Gut, dass ein Großteil der Futtermengen aus eigener Produktion kommen. 1800 Hektar landwirtschaftliche Flächen bewirtschaftet die Agrargesellschaft. Allein auf 750 Hektar wächst Mais, auf 450 Hektar sattes Gras. "Niemand sollte sich da eine romantische Wiese mit Butterblumen vorstellen", meint Gimpel schmunzelnd. Seit Ende April wurde die große Grasfläche schon viermal geerntet. "Immer dann, wenn Gras am wertvollsten ist, folgt die Mahd", erklärt der Geschäftsführer. Aus dem Gras produzieren die Lichtenberger Grassilage - "eine Art Sauerkraut, nur ohne viel Wasser", übersetzt Gimpel für den Laien. Monatlich werden an die Rinder 750 Tonnen Grün- und sogar 1300 Tonnen Maissilage verfüttert. Zu jeder Jahreszeit.

Silage ist das Grundfutter für jede Kuh. "So wie bei uns Menschen Brot, Kartoffeln oder Gemüse", erläutert Gimpel.
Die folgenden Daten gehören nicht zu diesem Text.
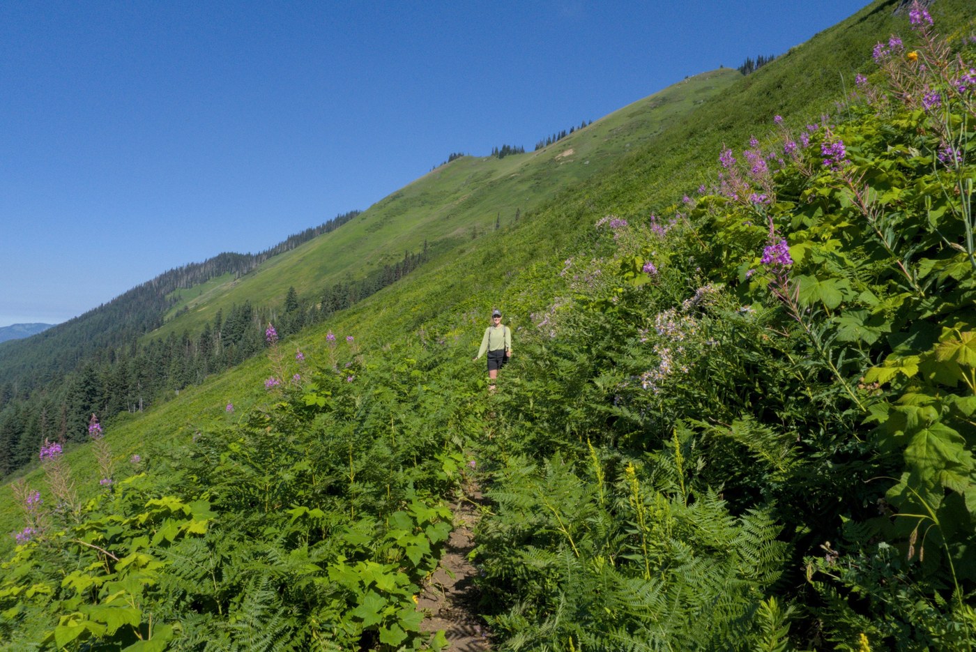 What an amazing hike! First mile is forest, then totally exposed (and overgrown) meadows full of flowers, creeping up into feelings of subalpine until you reach a nice lookout. Great views of Glacier Peak, Dome Peak, Mt. Baker and so much more. Beautiful campsites near a mid-way meadow; this midway point is also the only sorta source of running water. So many marmot dens up the second half of the hike. We saw three young and curious marmots. The greenness of the mountain on this hike is truly one to be named after :) So many beautiful rolling hills of diverse flowers right now!
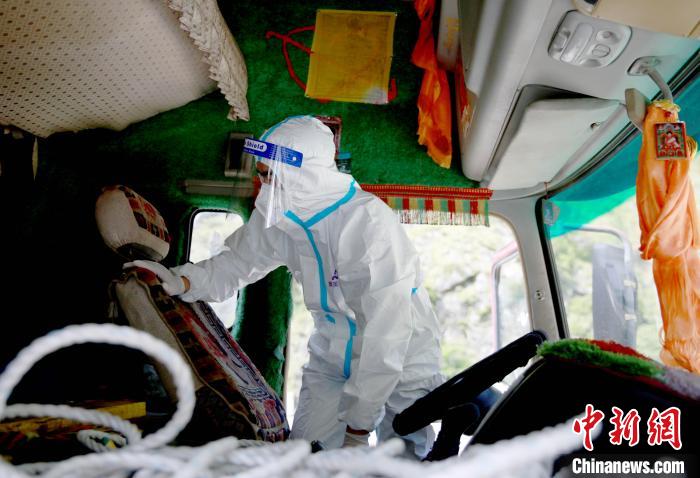 移民管理警察梅凡檢查進(jìn)入吉隆口岸限定區(qū)域卡口車輛?!⌒じ毁F 攝
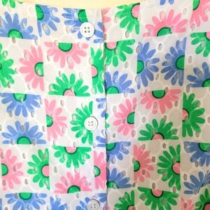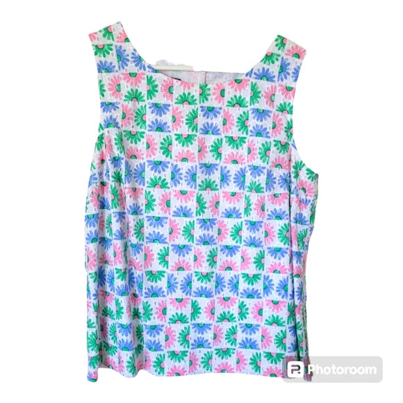 Sleeveless Talbots Top with flowered pattern on a white background, buttons up the back, size PL
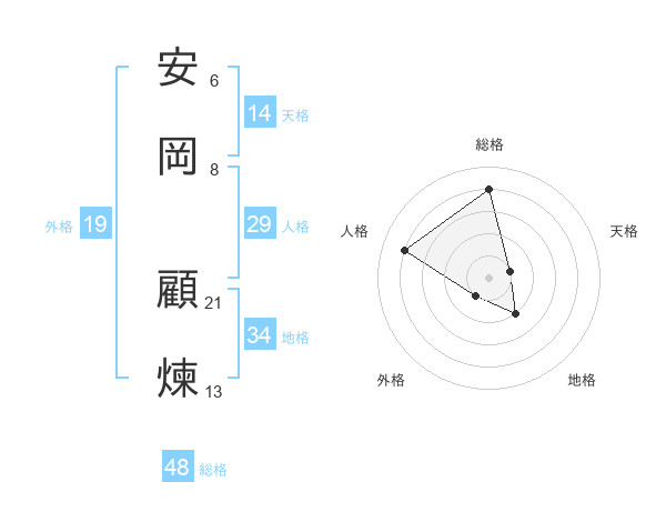 安岡 顧煉さんを姓名の画数から五運を鑑定
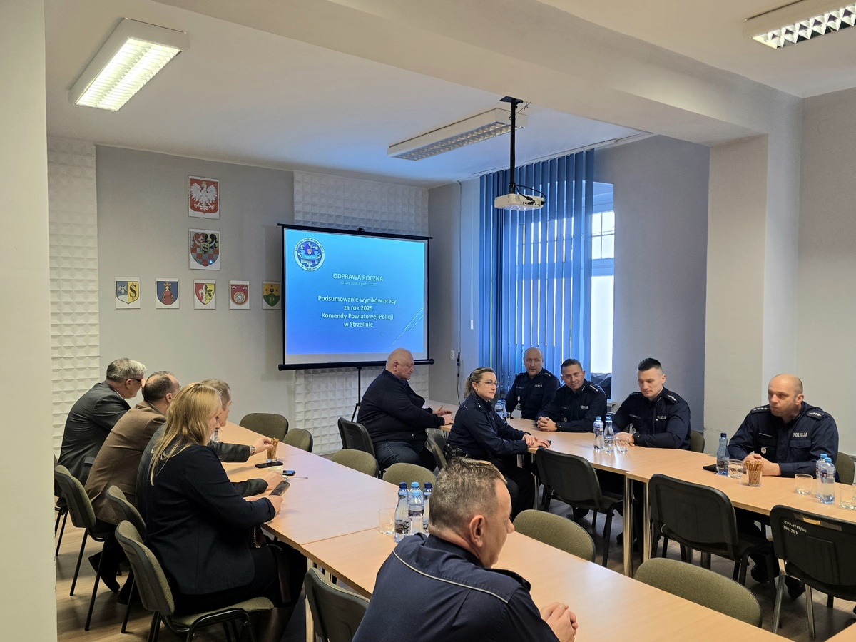 10 lutego w sali odpraw Komendy Powiatowej Policji w Strzelinie odbyła się odprawa roczna podsumowująca pracę strzelińskich policjantek, policjantów i pracowników cywilnych w minionym 2025roku.
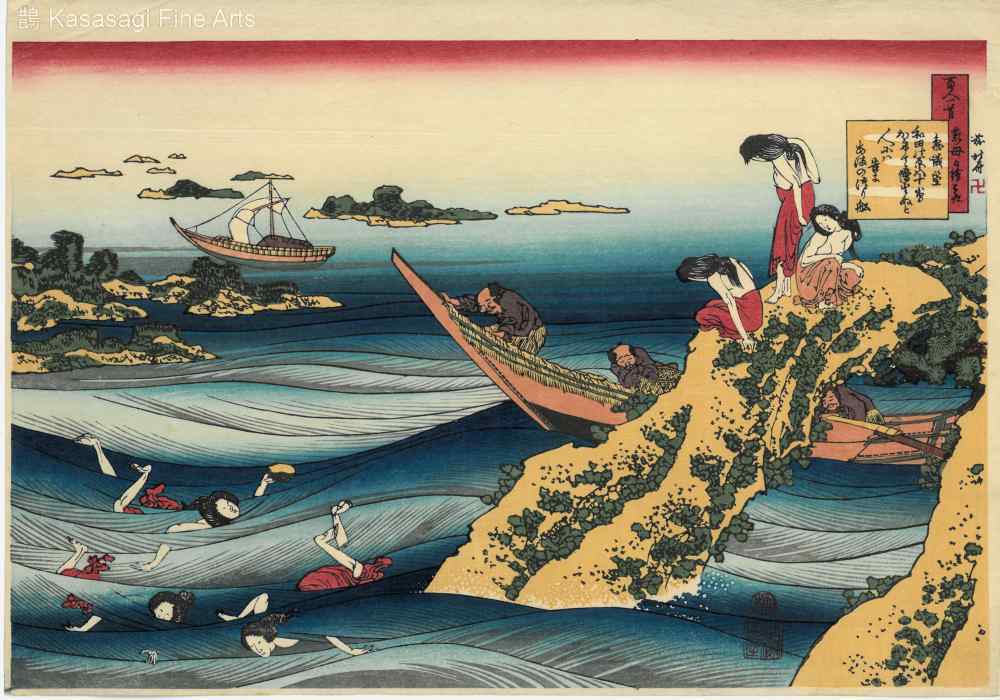 An evocative woodblock print by Hokusai with a poem titled Sanji Takamura (Ono no Takamura) from the series One Hundred Poems By One Hundred Poets Explained by the Nurse (Hyakunin isshu uba ga etoki. A vibrant scene of abalone divers in rugged swells accompanied by fisherman in a boat. Women are depicted swimming among the waves and holding shells, as others take a break on a nearby rock. Originally printed between 1835 and 1836. This is a 20th century woodblock reprint in excellent overall condition. The poem Sangi Takamura a ninth-century advisor to the emperor, reads:
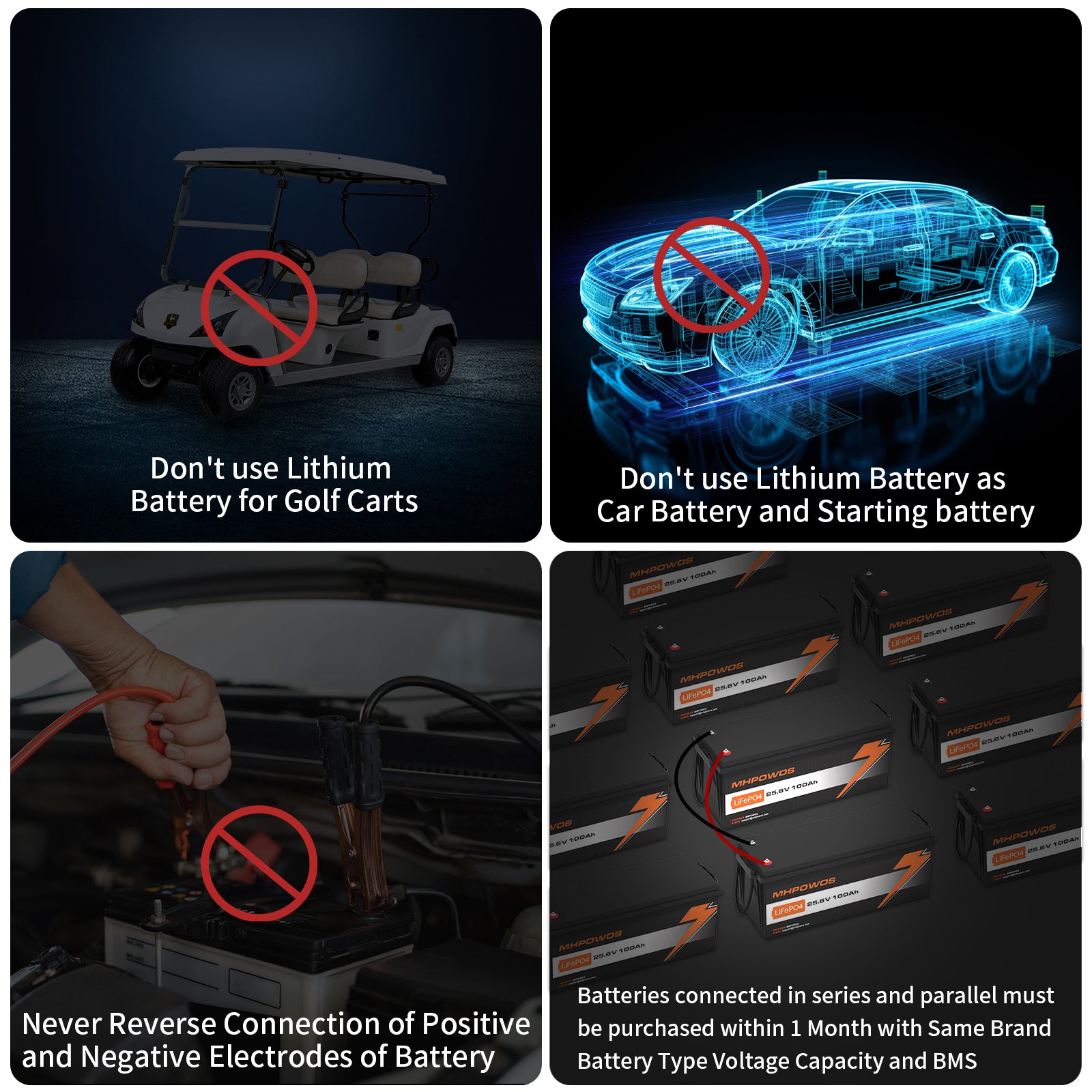 Q4: Can I use MHPOWOS LiFePO4 lithium batteries as starting batteries?
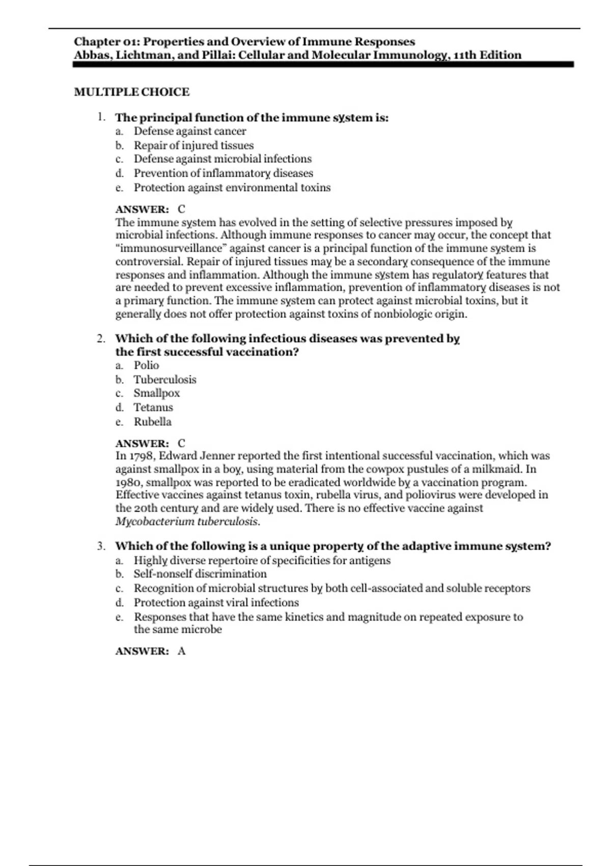 Test Bank for Cellular and Molecular Immunology 11th Edition by Abul K. Abbas | 2026/2027 Complete Chapter Questions & Answers with Rationales, A+ Guide
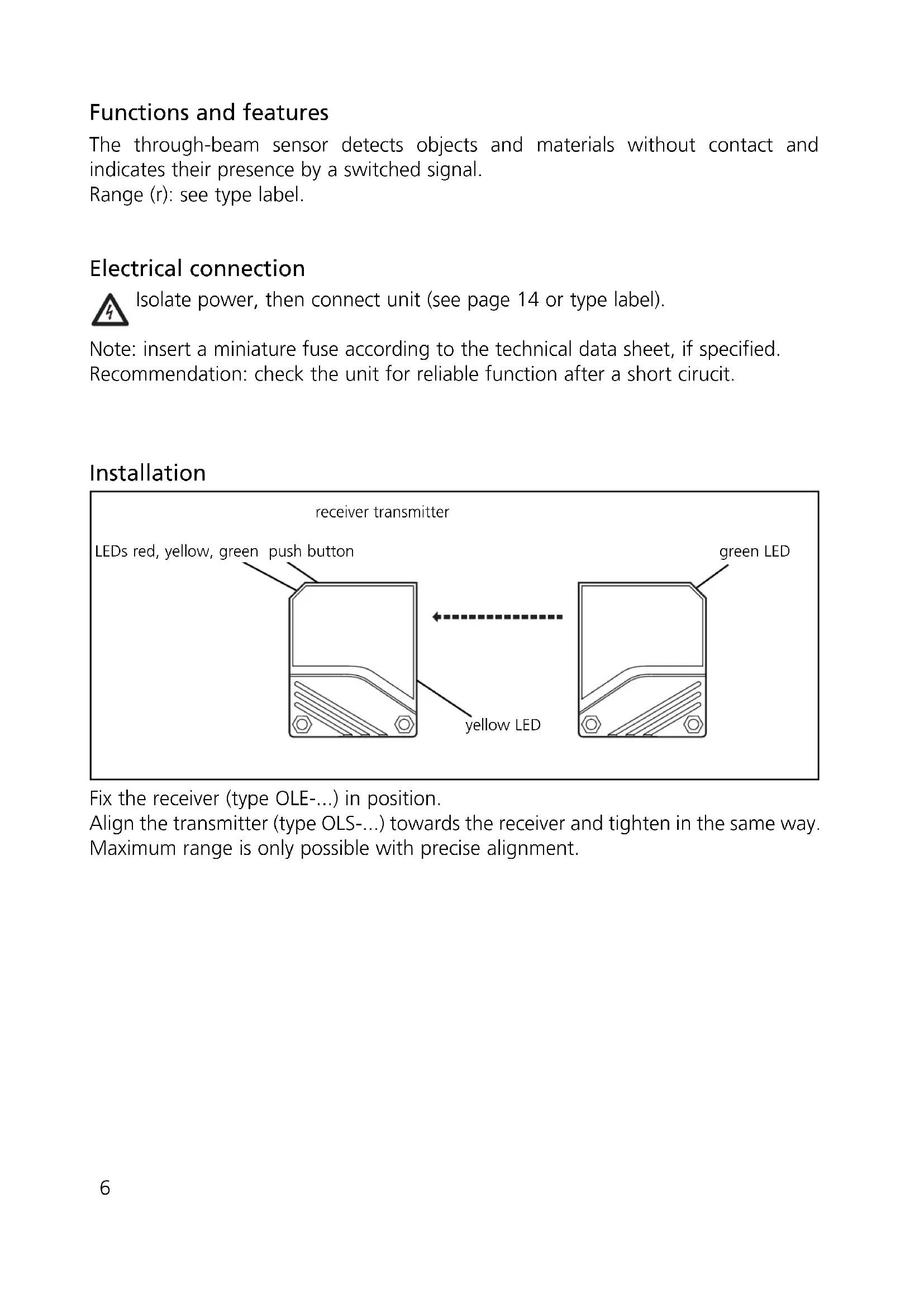 - Moving objects in the detection area The unit detects input signals of various intensity in any sequence and calculates the optimum switching threshold. If the setting of the switching threshold is not possible (e.g. object signal and background signal are about the same), the red LED flashes after step 3. The unit then passes into the operating mode with the switching signal being un- changed. If the programming button is not activated for 15 minutes during the pro- gramming process, the unit passes automatically into the operating mode with the switching threshold being unchanged. Setting of the maximum sensitivity:
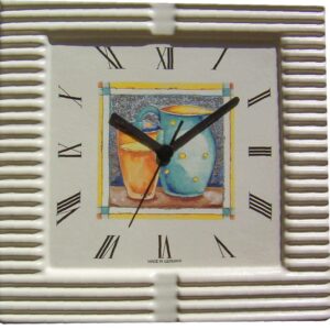 von 10 bis 30 cm großen Keramikuhren für alle Wohnbereiche, weiße oder in Farben, verschiedene Formen und Dekoren wie Blumen, Früchten, mit Gänsen- Vogel, Shiffs und Windrad Motiven, gedeckte Tisch, Vier Jahreszeiten, Delft Uhren. Ideale Geschenke!
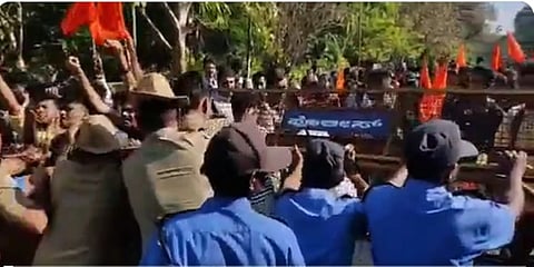 ಮಂಗಳೂರು ವಿವಿ ಆಡಳಿತ ಸೌಧದ ಆವರಣಕ್ಕೆ ಬಂದಾಗ ಪೊಲೀಸರು ತಡೆದಿದ್ದು, ಈ ವೇಳೆ ಎಬಿವಿಪಿ ಕಾರ್ಯಕರ್ತರು ಬ್ಯಾರಿಕೇಡ್ ಗಳನ್ನು ತಳ್ಳಿ ನುಗ್ಗಲು ಯತ್ನಿಸಿದ್ದಾರೆ. ಬಳಿಕ ವಿ.ವಿ ಪರೀಕ್ಷಾಂಗ ಕುಲಸಚಿವ ಪ್ರೊ.ಪಿ.ಎಲ್ ಧರ್ಮ ಮತ್ತು ಕುಲಪತಿ ಪಿ.ಎಸ್ ಯಡಪಡಿತ್ತಾಯ ಆಗಮಿಸಿದ್ದು, ಈ ವೇಳೆ ಪರಿಸ್ಥಿತಿ ನಿಯಂತ್ರಣಕ್ಕೆ ಬಂದಿದೆ. ವಿ.ವಿ ಪದವಿ ಮತ್ತು ಸ್ನಾತಕೋತ್ತರ ವಿದ್ಯಾರ್ಥಿಗಳಿಗೆ ಅಂಕಪಟ್ಟಿ ನೀಡದೆ ಸತಾಯಿಸುತ್ತಿದ್ದು, ಅಂಕಪಟ್ಟಿ ಬಾರದೇ ವಿದ್ಯಾರ್ಥಿ ವೇತನಕ್ಕೆ ಅರ್ಜಿ ಹಾಕಲಾಗದೇ ಸಮಸ್ಯೆ ಎದುರಾಗಿದೆ.

Dem Vieh-Futter beigemengt wird aber auch Kraftfutter, das konzentriert Energie und Eiweiße enthält. "So wichtig wie für uns Menschen Spiegeleier oder ein Steak." Dafür werde ein großer Teil der auf 200 Hektar angebauten Wintergerste gemahlen, mit Probion- säure versetzt und konserviert.

Damit der Ackerboden fruchtbar bleibt, wird auf den Ackerflächen der Gesellschaft in unterschiedlichen Folgen Raps, Getreide und Mais angebaut. Verkauft werden Getreide und Raps. Gimpel. "Kerngeschäft unseres Unternehmens bleibt aber die Milchproduktion. Alles andere macht maximal zehn Prozent unseres Umsatzes aus."

Seit 2004 gibt es die Lichtenberger Agrargesellschaft, die damals von holländischen Gesellschaftern gebildet wurde. "Wir wollten einen Strukturwandel und die Milchproduktion aufstocken, sahen da unsere Zukunft", erläutert Gimpel. Das Konzept benötige zur Erfüllung noch einige Zeit. Keiner hätte ja ahnen können, wie sich die Milchpreise entwickeln. "Doch wir geben nicht auf. Landwirte sind leidensfähig", gibt sich Gimpel kämpferisch. Er hat schon Lösungen für die Weiterentwicklung der Großflächen-Technik im Kopf. Und manche Konzepte. Aber darüber werde man noch "brüten".

Ein neues Standbein der Lichtenberger ist ihre Biogasanlage, die 10 000 Tonnen Maissilage schluckt und in diesem Jahr insgesamt 6,5 Millionen Kilowattstunden in die Stromleitungen der Stadtwerke stellt.

Am Sonnabend findet von 9 bis 14 Uhr auf dem Beeskower Marktplatz der 17. Kreisbauernmarkt mit Frankfurter Beteiligung statt.